§ **WHAT NEEDS TO BE DONE**
Take every record and write it out again exactly, with no images included.

§ **RECORD EXTRACTS**
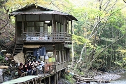| マイナスイオンたーーーーっぷり。 ひんやりと気持ちいい渓流沿いを歩きます。 寄り道しながら、徒歩10分ぐらいで、お待ちかねの草団子の小屋が・・・うわぁ・・・古・・・。 宮崎駿監督のアニメに出てきそうな、立派な建物。 築120年たっているという話。 いい雰囲気だった! |
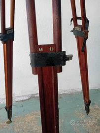 Vecchio treppiede per rilievi in legno, lunghezza gamba, chiusa cm. 100; estesa cm.160. Cinghia in cuoio per fermo spezzata. Marca Salmoiraghi (senza etichetta). Da restaurare. Importo di spedizione indicativo, da ricalcolare in base a: peso, dimensioni, destinazione.
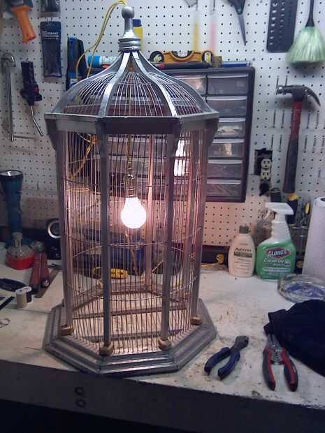 Para unir la luz quita la luz toma la cuerda del bastidor del alambre de la lámpara y perforar un gran agujero abajo por el centro de la parte superior de la jaula y harto el cable a través de él. Cuando tuve la luz en el lugar que quería para colgar dentro de la jaula, me pone un nudo en el cable para que no tire a través. Luego probé la luz y finalmente os adjunto una cadena a la parte superior de la jaula para que podrían colgar de la cadena. He probado la configuración entera colgada en mi taller.
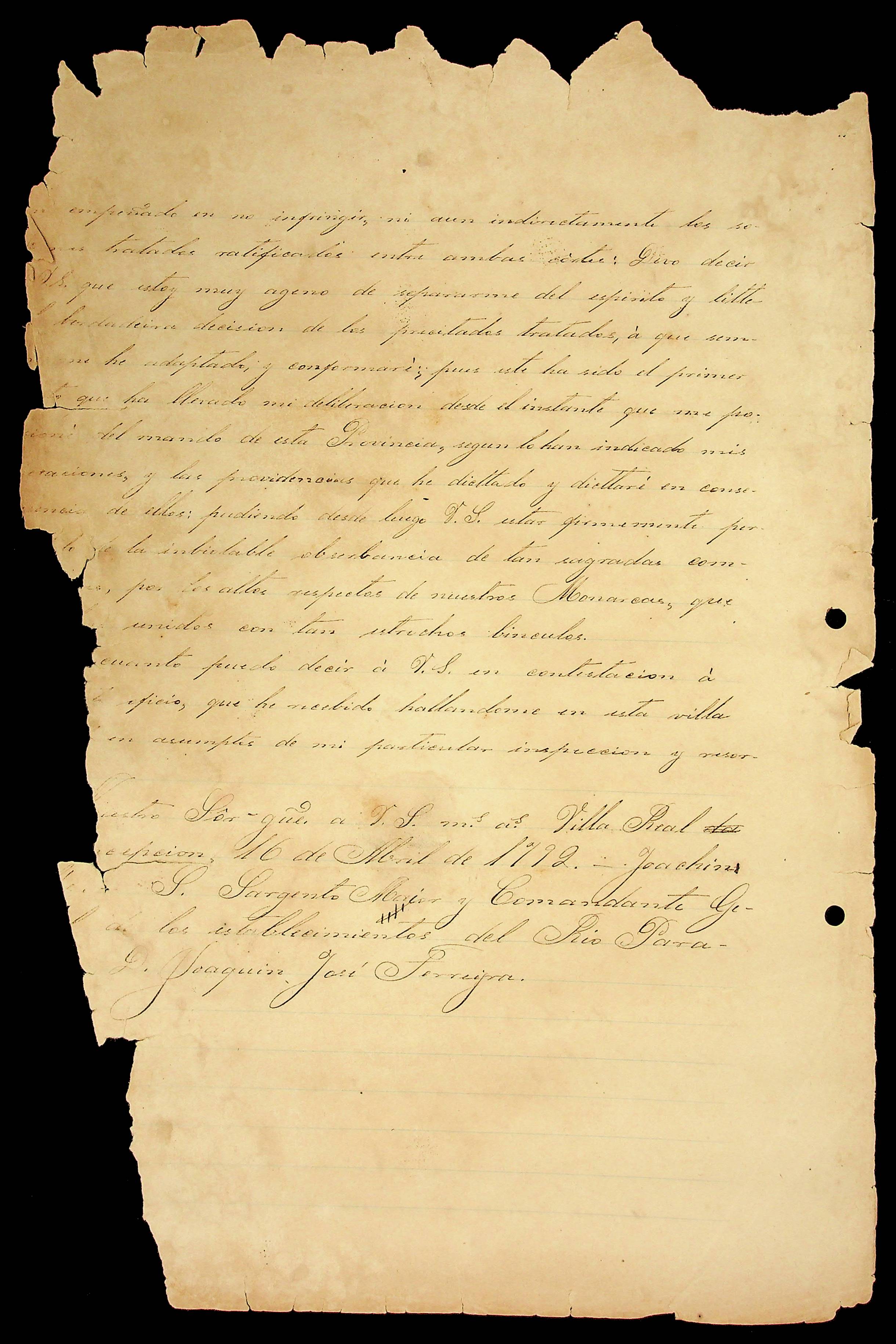 CARTA de Joaquim [Alos] ao Sargento-mor e Comandante-General dos Estabelecimentos do Rio Paraguai Joaquim José Ferreira.
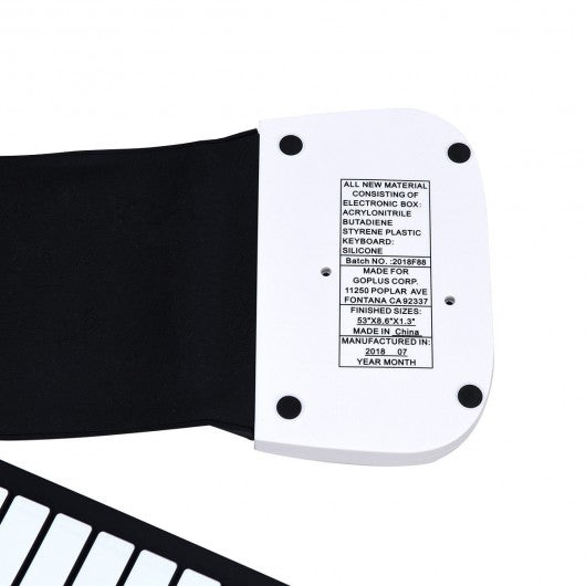 Specification: Color: White/Black Material: Silicon Keyboard model: 88 keys Tone: 128 Rhythm: 128 Demonstration songs: 15 Powered by: 1.USB 5V external power supply 2. Built-in 1200 mA lithium battery Overall length of the product: 53.5" Keyboard dimension: 49.5" x 6.3" (L x W) Control box dimension: 7.5" x 4.5" x 2" (L x W x H) Net weight: 4 lbs Package includes: 1 x 88 keys roll up piano 1 x Power adapter 1 x Foot pedal 1 x User manual

§ **EXERCISE RESULT**
| マイナスイオンたーーーーっぷり。 ひんやりと気持ちいい渓流沿いを歩きます。 寄り道しながら、徒歩10分ぐらいで、お待ちかねの草団子の小屋が・・・うわぁ・・・古・・・。 宮崎駿監督のアニメに出てきそうな、立派な建物。 築120年たっているという話。 いい雰囲気だった! |
 Vecchio treppiede per rilievi in legno, lunghezza gamba, chiusa cm. 100; estesa cm.160. Cinghia in cuoio per fermo spezzata. Marca Salmoiraghi (senza etichetta). Da restaurare. Importo di spedizione indicativo, da ricalcolare in base a: peso, dimensioni, destinazione.
 Para unir la luz quita la luz toma la cuerda del bastidor del alambre de la lámpara y perforar un gran agujero abajo por el centro de la parte superior de la jaula y harto el cable a través de él. Cuando tuve la luz en el lugar que quería para colgar dentro de la jaula, me pone un nudo en el cable para que no tire a través. Luego probé la luz y finalmente os adjunto una cadena a la parte superior de la jaula para que podrían colgar de la cadena. He probado la configuración entera colgada en mi taller.
 CARTA de Joaquim [Alos] ao Sargento-mor e Comandante-General dos Estabelecimentos do Rio Paraguai Joaquim José Ferreira.
 Specification: Color: White/Black Material: Silicon Keyboard model: 88 keys Tone: 128 Rhythm: 128 Demonstration songs: 15 Powered by: 1.USB 5V external power supply 2. Built-in 1200 mA lithium battery Overall length of the product: 53.5" Keyboard dimension: 49.5" x 6.3" (L x W) Control box dimension: 7.5" x 4.5" x 2" (L x W x H) Net weight: 4 lbs Package includes: 1 x 88 keys roll up piano 1 x Power adapter 1 x Foot pedal 1 x User manual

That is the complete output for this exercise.